Crown Castle is counting on the wireless business and it is remains well on the track to capture the advantages that it is seeing from wireless infrastructure all across the U.S. The demands are increasing and to be competent with its peers and to fulfil the growing demands, Crown Castle is upgrading its networks along the potential regions.

Moving on, Crown Castle already shares the top position in the wireless tower market. It also has a broad customer base with some of the top companies such as AT&T, Verizon Wireless etc. These are expected to contribute about 85% of the total revenue of Crown Castle. With the positive growth in the wireless carriers across the U.S this customer base is expected to contribute well to Crown Castle’s growth momentum.

The company is seeing new customer addition as well. With this the company is pleased to see new lease relationship building and also the renewal of existing lease agreements are also contributing well to the growth strategy of the company. Crown Castle expects these lease programs to further support the strong portfolio of its tower.

In addition, Crown Castle is also seeing solid growth in small cell networks. The company is expecting this growth to be a solid growth driver for the company in future. Another favourable factor for Crown Castle is that the LTE platform is continually gaining traction in the market, there will be need of more towers in the future, giving good growth opportunities to Crown Castle in future. Since the traffic is growing at a greater pace, the network providers are upgrading backhaul for smartphones.

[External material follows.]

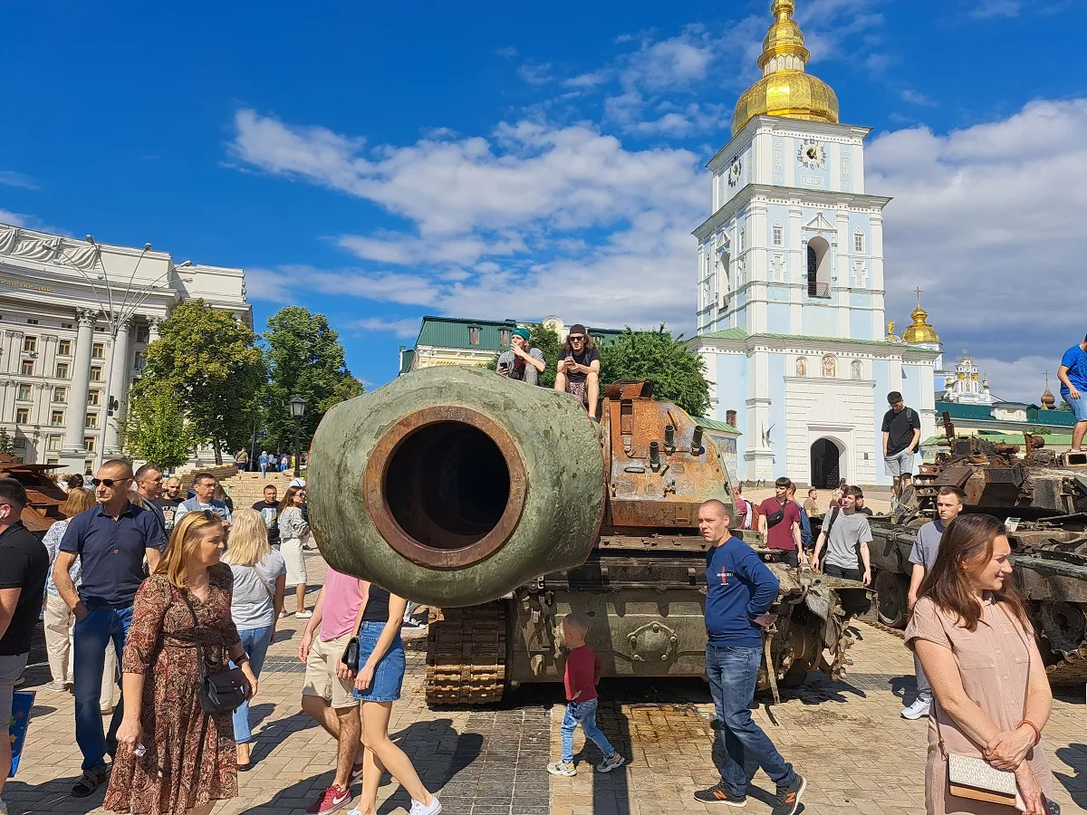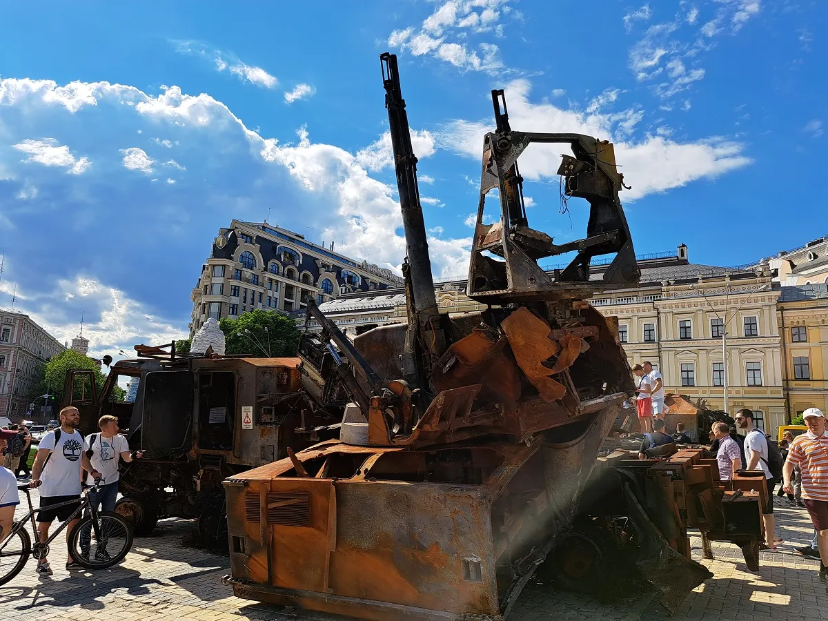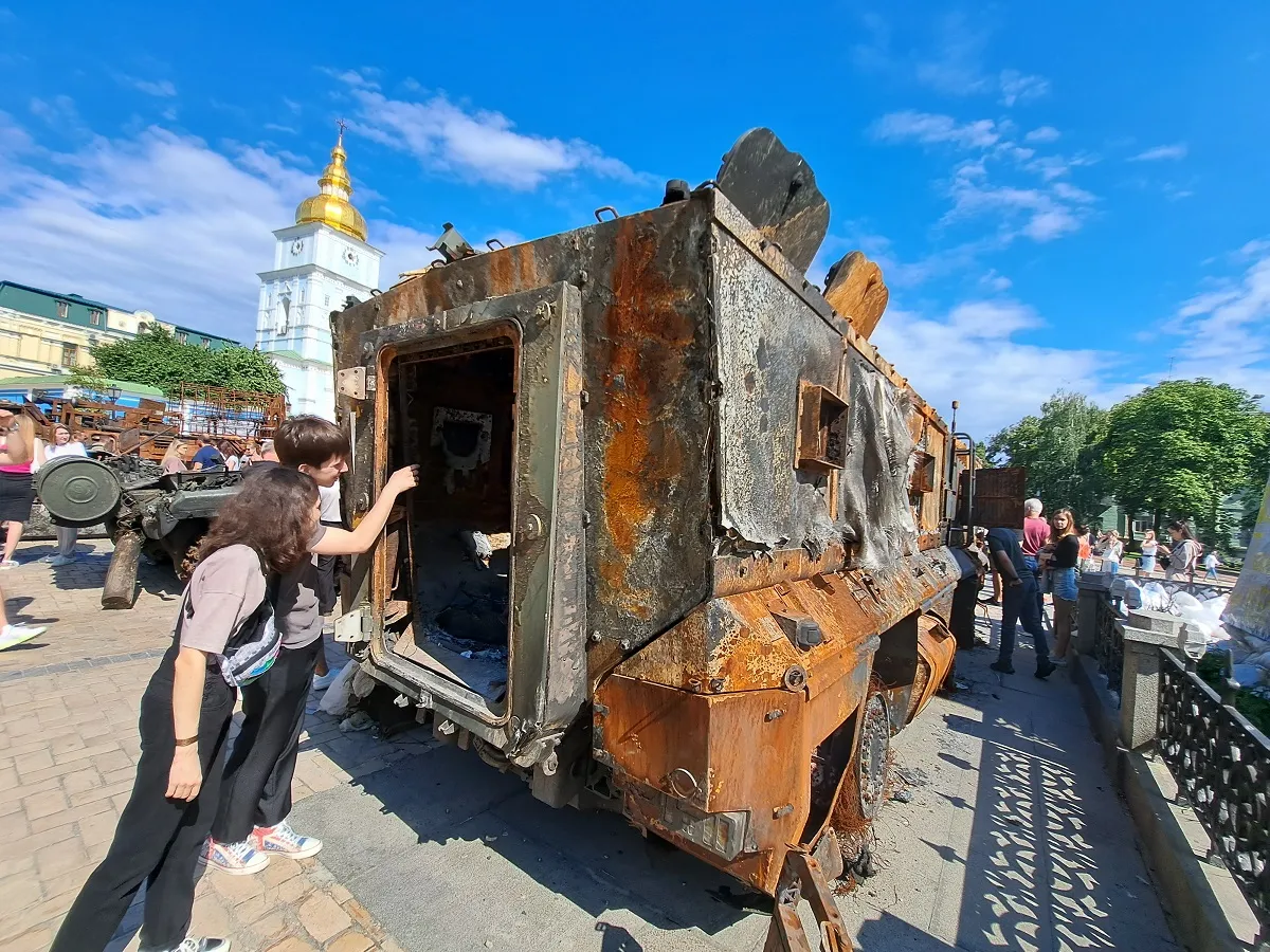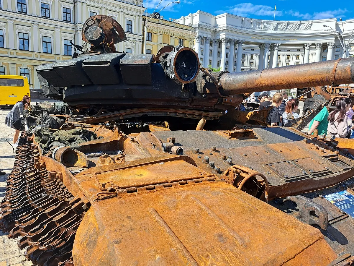 Singurele tancuri, blindate și piese de artilerie rusești care au ajuns la Kiev, de la începutul acestui război, sunt cele aduse în cimitirul tancurilor amenajat în Piața Sfântul Mihail.

Also, as of now Crown Castle has approximately 14,000 nodes that strengthen its position that should drive its growth from increasing macro trends in the region. Moreover, it has the best national United States carriers that makes broadens its growth prospects. Also, its high-quality of assets should support its growth in the future and expand its margins, while creating value for shareholders.

Conclusion

Moving on the fundamentals, the stock is very expensive with a trailing P/E of 146.98. It’s forward P/E of 17.37 shows steady earnings growth in the near term. In fact in the next five years its earnings are growing at a CAGR of 10.00% which is lower than the industry average of 11.74%. All these facts shows that there is still much time left for Crown Castle to gain market share. So until that the investors should stay away from the stock.